**Material to process:**
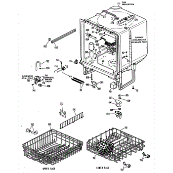 The Upper Rack is an OEM replacement part for GE dishwashers. It provides movable shelf space along the top of the dishwasher interior for washing plates, bowls, and other dishes. The shelves feature an adjustable design that accommodates various sizes and configurations of dishware. Causes of failure include normal wear and tear, accidental impacts that damage shelves or cleaning chemicals stripping away protective coatings. Symptoms of a bad upper rack can include:
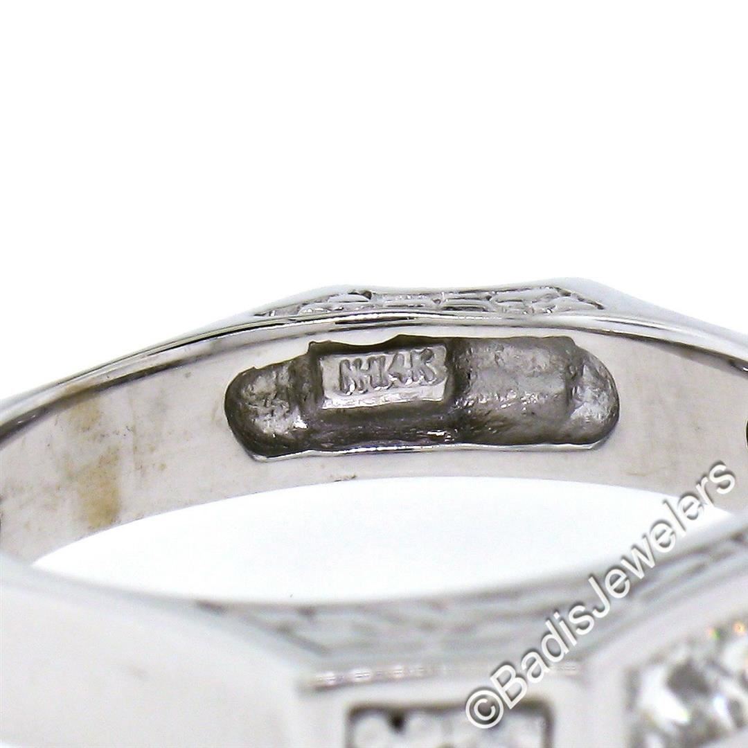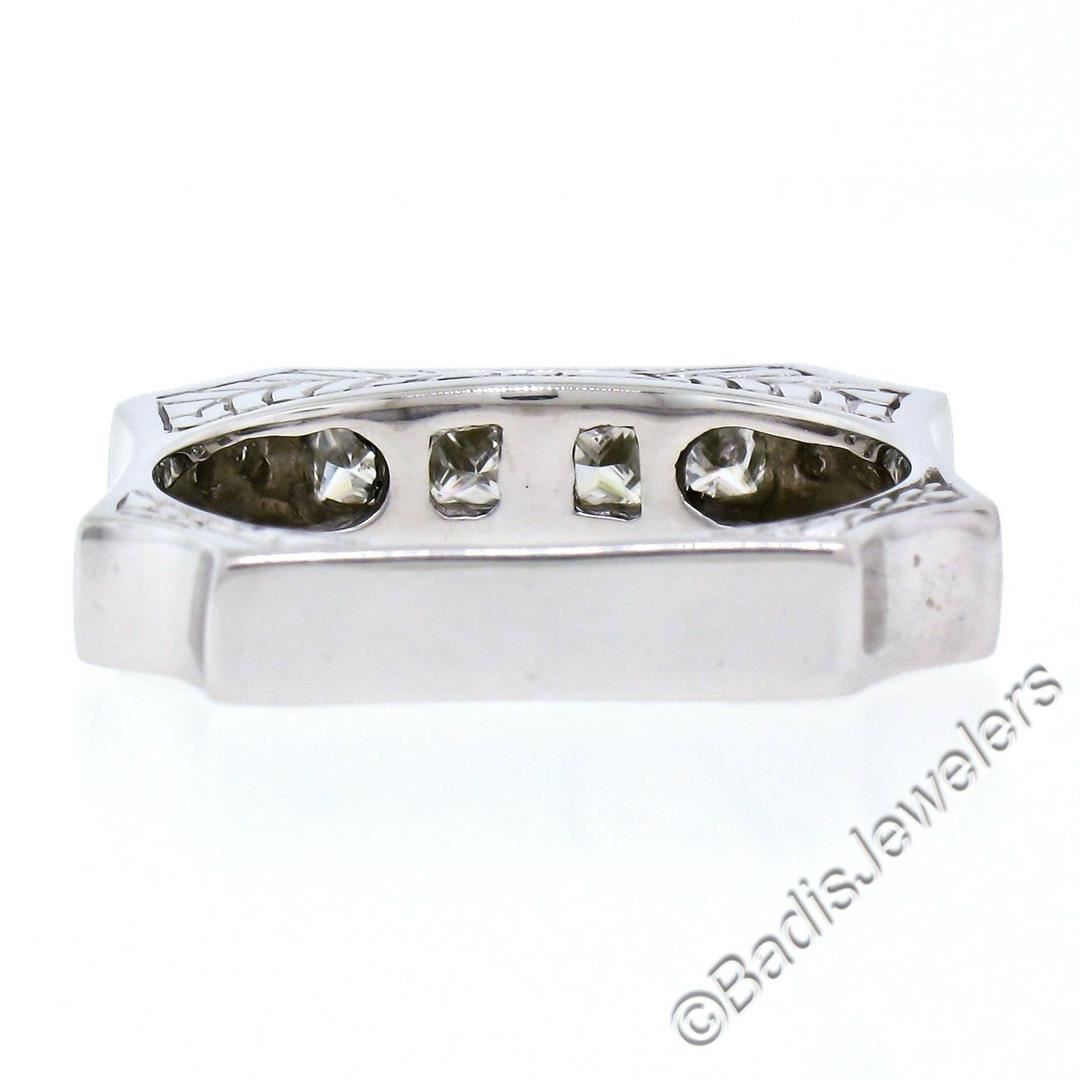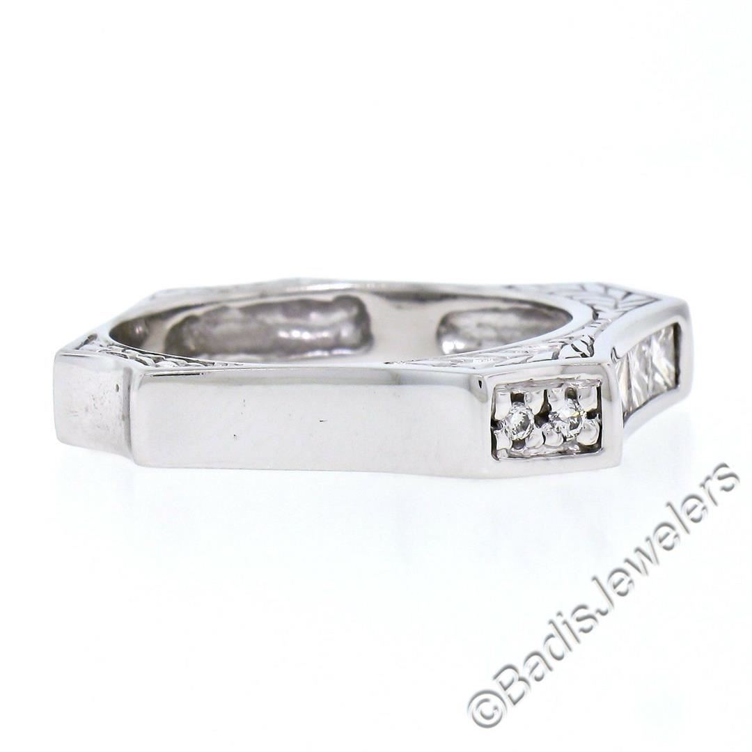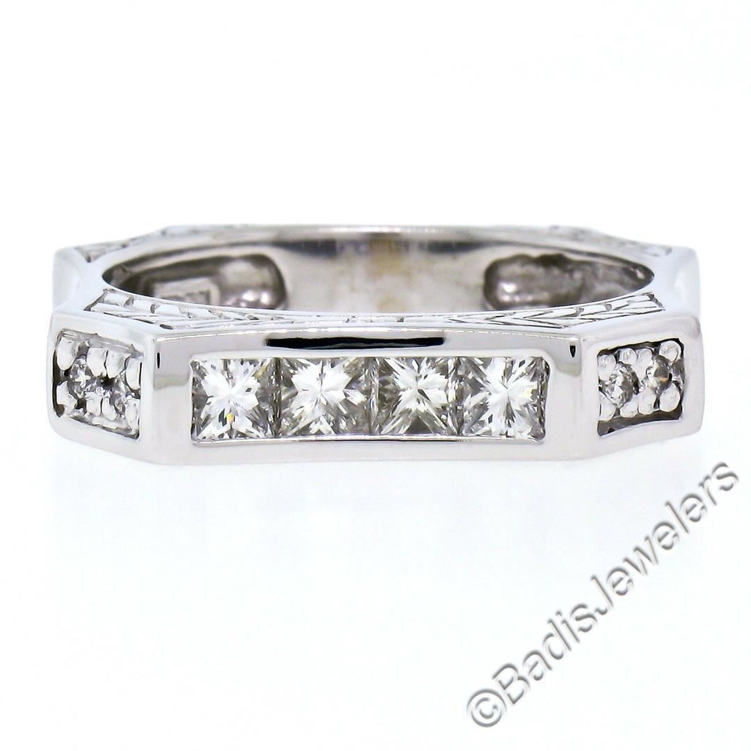 An excellent condition 14kt white gold band ring with 0.71ctw of round and princess cut diamonds (G/H - VS1/VS2). The ring is size 9, weighs a total of 6.65 grams, and measures approximately 4.60mm wide.
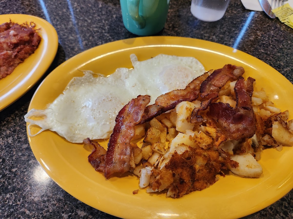Great place, A shiny metal diner with a small jukebox at each table. Truly a 1950s to 1960s feel, it's really a cool, feel-good kind of place. Great place for breakfast, 2 eggs, choice of meat, choice of potatoes, toast, and coffee for $8.99, alot of food for a good price. The place for a true bottomless cup of coffee. Highly recommend stopping here to eat. It's worth the drive or the detour. I can ensure you won't be disappointed.
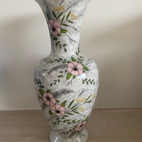 Håndmalet med lilla violer og en gylden kant og nogen steder er væk pga brug.
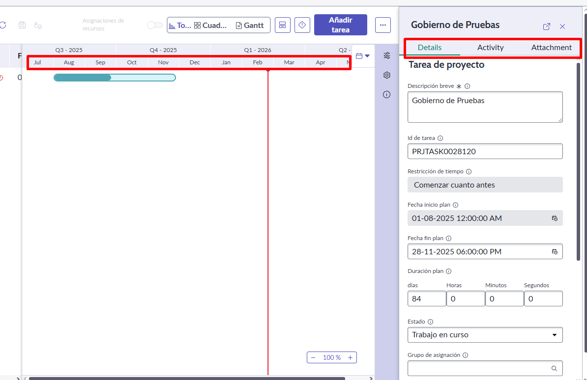 I need to translate the Project workspaces sections (Gantt and Task Details). My instance already has the Spanish plugin installed, as it's the default language.
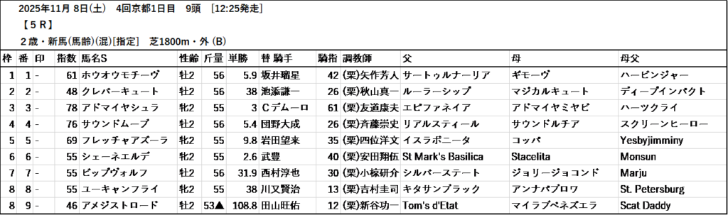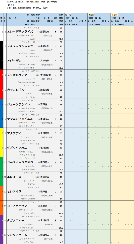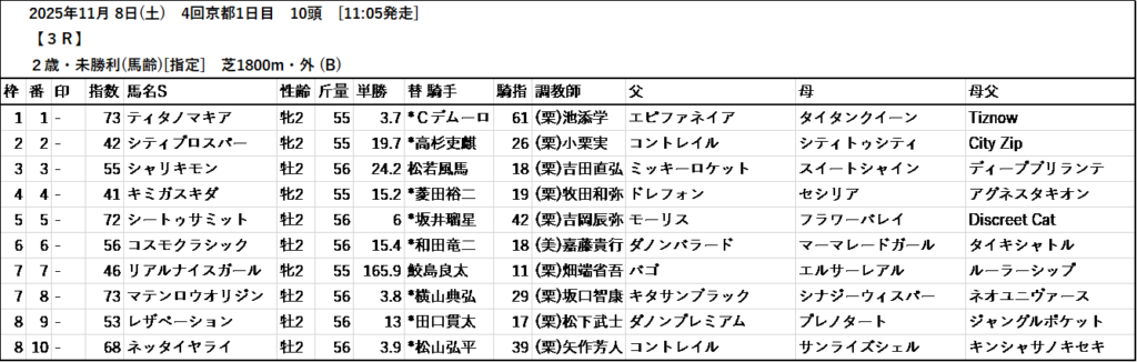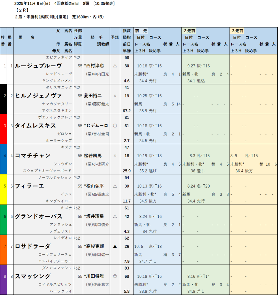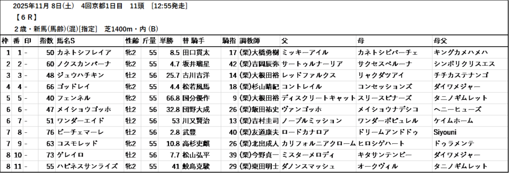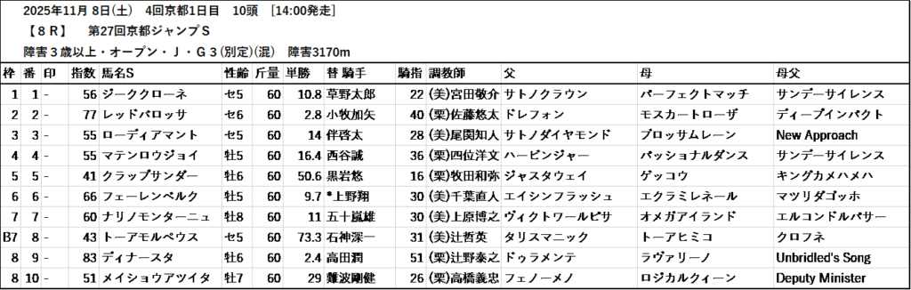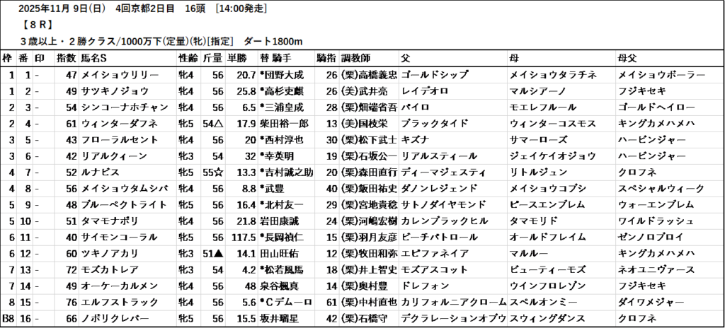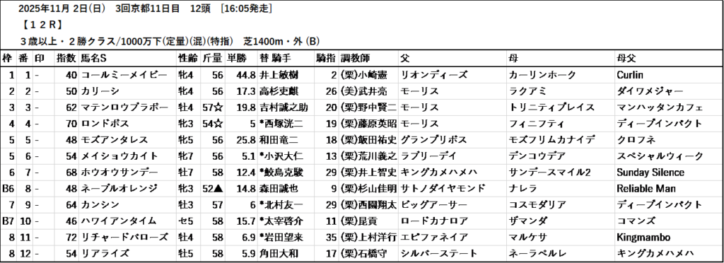 テッパン馬には届かないものの指数の高いレースも予想しています。
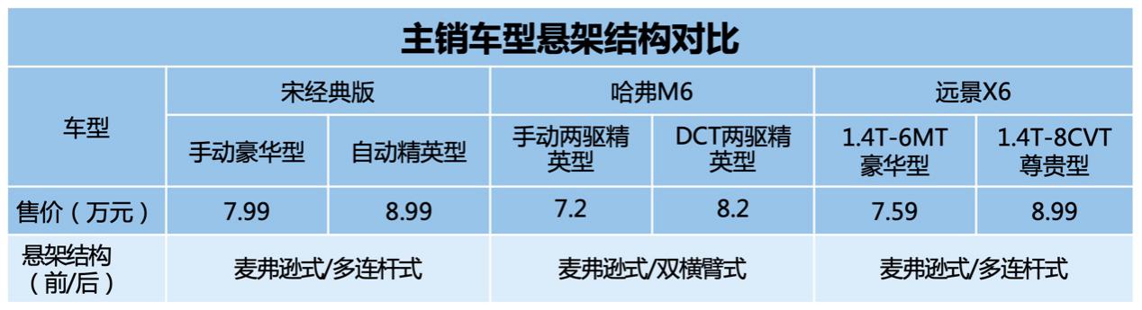 宋經(jīng)典版不僅擁有堪稱同級最佳的動力系統(tǒng),媲美德系豪車的底盤是它的另一優(yōu)勢。從懸架結(jié)構(gòu)來看,三車的前懸架均為麥弗遜獨立式,宋經(jīng)典版與遠(yuǎn)景X6的后懸架為多連桿獨立式,哈弗M6則為結(jié)構(gòu)更為簡單的雙橫臂式。如果說設(shè)計賦予一輛車生命,調(diào)校則賦予一輛車靈魂。宋經(jīng)典版的懸架由前奔馳S級底盤專家漢斯·柯克精心打磨。在調(diào)校過程中,甚至連輪胎的匹配都被充分考慮,歷經(jīng)多輪共計數(shù)百組方案匠心調(diào)校,兼顧舒適與運動的雙重需要。
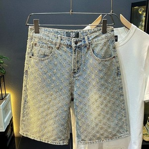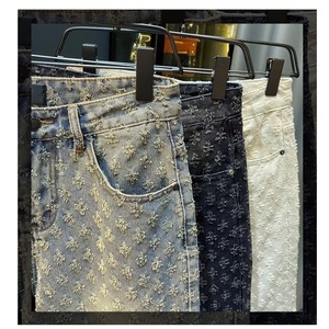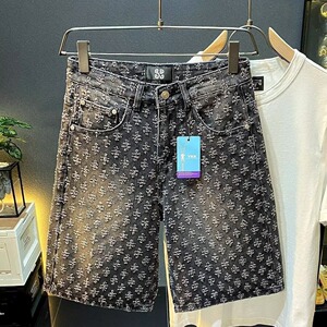 2025 アメリカの新しいデニムショートパンツメンズ夏ルーズストレートカジュアルジャカードハイエンドミッドパンツ

**Task details:** Copy every entry word for word, but omit the pictures.

**Output below:**
 The Upper Rack is an OEM replacement part for GE dishwashers. It provides movable shelf space along the top of the dishwasher interior for washing plates, bowls, and other dishes. The shelves feature an adjustable design that accommodates various sizes and configurations of dishware. Causes of failure include normal wear and tear, accidental impacts that damage shelves or cleaning chemicals stripping away protective coatings. Symptoms of a bad upper rack can include:
 An excellent condition 14kt white gold band ring with 0.71ctw of round and princess cut diamonds (G/H - VS1/VS2). The ring is size 9, weighs a total of 6.65 grams, and measures approximately 4.60mm wide.
Great place, A shiny metal diner with a small jukebox at each table. Truly a 1950s to 1960s feel, it's really a cool, feel-good kind of place. Great place for breakfast, 2 eggs, choice of meat, choice of potatoes, toast, and coffee for $8.99, alot of food for a good price. The place for a true bottomless cup of coffee. Highly recommend stopping here to eat. It's worth the drive or the detour. I can ensure you won't be disappointed.
 Håndmalet med lilla violer og en gylden kant og nogen steder er væk pga brug.
 I need to translate the Project workspaces sections (Gantt and Task Details). My instance already has the Spanish plugin installed, as it's the default language.
 テッパン馬には届かないものの指数の高いレースも予想しています。
 宋經(jīng)典版不僅擁有堪稱同級最佳的動力系統(tǒng),媲美德系豪車的底盤是它的另一優(yōu)勢。從懸架結(jié)構(gòu)來看,三車的前懸架均為麥弗遜獨立式,宋經(jīng)典版與遠(yuǎn)景X6的后懸架為多連桿獨立式,哈弗M6則為結(jié)構(gòu)更為簡單的雙橫臂式。如果說設(shè)計賦予一輛車生命,調(diào)校則賦予一輛車靈魂。宋經(jīng)典版的懸架由前奔馳S級底盤專家漢斯·柯克精心打磨。在調(diào)校過程中,甚至連輪胎的匹配都被充分考慮,歷經(jīng)多輪共計數(shù)百組方案匠心調(diào)校,兼顧舒適與運動的雙重需要。
 2025 アメリカの新しいデニムショートパンツメンズ夏ルーズストレートカジュアルジャカードハイエンドミッドパンツ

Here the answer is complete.